Transcript C 908 may represent a transcript annotated with medical entities and speaker roles. To train a role identification model such as the role identification model 134 in FIG. 1A and the role identification model described in FIG. 5, the role identification model trainer 910 may use training data including merged transcripts from the previously trained model such as transcript B 902 and merged transcripts with the role speakers identified such as transcript C 908. The role identification model trainer 910 may output a trained role identification model 912.
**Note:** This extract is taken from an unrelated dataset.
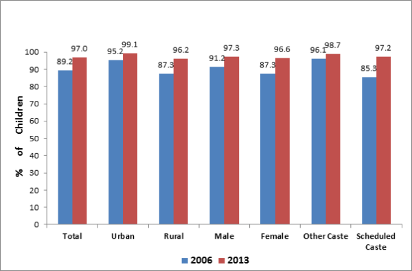 Young Lives, a longitudinal2 research study on childhood poverty, has been following 3,000 children comprising two cohorts - eight year olds (1,000 children) and one year olds (2,000 children) – in undivided Andhra Pradesh (now, Telengana and Andhra Pradesh) since 2002. In 2013, the fourth round of survey was completed. The first cohort of children completed 12 years of age in 2006 and the second cohort of children were aged 12 years in 2013; the data allows comparison of 12-year-olds in 2006 with 12-year-olds in 2013. The 2013 survey has shown an encouraging trend of 97% of elementary school enrolment among 12-year-olds, up from 89% in 2006 (Figure 1). Given that Young Lives has a pro-poor sample3, it is heartening to note that no major gaps in enrolment have been found across gender, caste, or urban/ rural location.

Transcript D 914 may represent a transcript annotated with medical entities, speaker roles, and determined sections. To train a sectioning model such as the sectioning model 136 in FIGS. 1A and 1B and the sectioning model described in FIG. 6, the sectioning model trainer 916 may use training data including merged transcripts from the previously trained model such as transcript C 908 and merged transcripts with the determined sections such as transcript D 914. The sectioning model trainer 916 may output a trained sectioning model 918.

Transcript E 920 may represent a transcript annotated with medical entities, speaker roles, determined sections, and extracted phrases. To train an extraction/abstraction model such as the extraction/abstraction model 136 in FIGS. 1A and 1B and the extraction/abstraction model described in FIG. 7, the extraction/abstraction model trainer 922 may use training data including merged transcripts from the previous model such as transcript D 914 and merged transcripts with the extracted phrases such as transcript E 920. The extraction/abstraction model trainer 922 may output a trained extraction model 924. In some embodiments, the extraction/abstraction model may be trained with training data including abstracted phrases from transcripts. In some embodiments the order of training the models may be different. In some embodiments, the machine learning models may be trained using unlabeled training data, such as non-annotated transcripts, wherein each model trainer trains their respective machine learning models using reinforcement learning through confidence scores, or using other suitable techniques for training using un-labeled data. In some embodiments, the training of the machine learning models may be performed independently, wherein the training data may include no merged transcripts.

FIG. 10 is a flow diagram illustrating a process of generating a transcript of a medical conversation and generating a summary document of the medical conversation based on the transcript, using four machine learning models, according to some embodiments.

In some embodiments, a process for generating a transcript and a summary of a medical conversation may resemble a process such as that which is shown in FIG. 10. In block 1000, a medical conversation job packet comprising audio data and meta data of a medical conversation to be summarized may be received. In block 1010, a transcript of the medical conversation based on the audio data using a machine learning model via a medical transcription service may be generated. In block 1020, a summary document of the medical conversation based on the transcript may be generated via a medical natural language processing service.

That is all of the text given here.